------ DATA PROVIDED

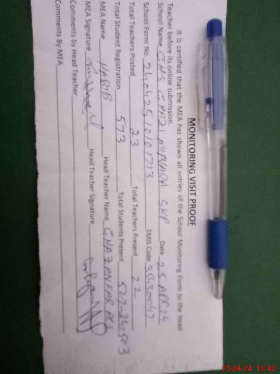 | Attendance Register | Head Teacher | MEA with School | Visit Proof |
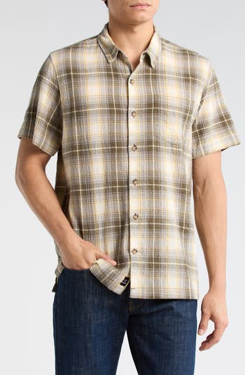 Lightweight and breathable, this short-sleeve button-up shirt made of crinkled cotton enhanced with stretch is sure to be a warm-weather favorite.
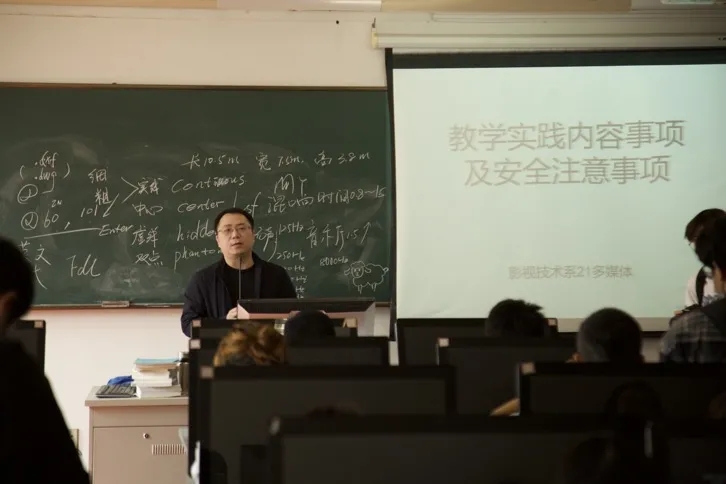 出发前多媒体技术教研室主任陈楠江于4313教室向同学们介绍了本次教学实践内容安排及安全注意事项。

------------

[TASK]: Give back the listing word for word, minus its images.

[THE ANSWER]:
 | Attendance Register | Head Teacher | MEA with School | Visit Proof |
 Lightweight and breathable, this short-sleeve button-up shirt made of crinkled cotton enhanced with stretch is sure to be a warm-weather favorite.
 出发前多媒体技术教研室主任陈楠江于4313教室向同学们介绍了本次教学实践内容安排及安全注意事项。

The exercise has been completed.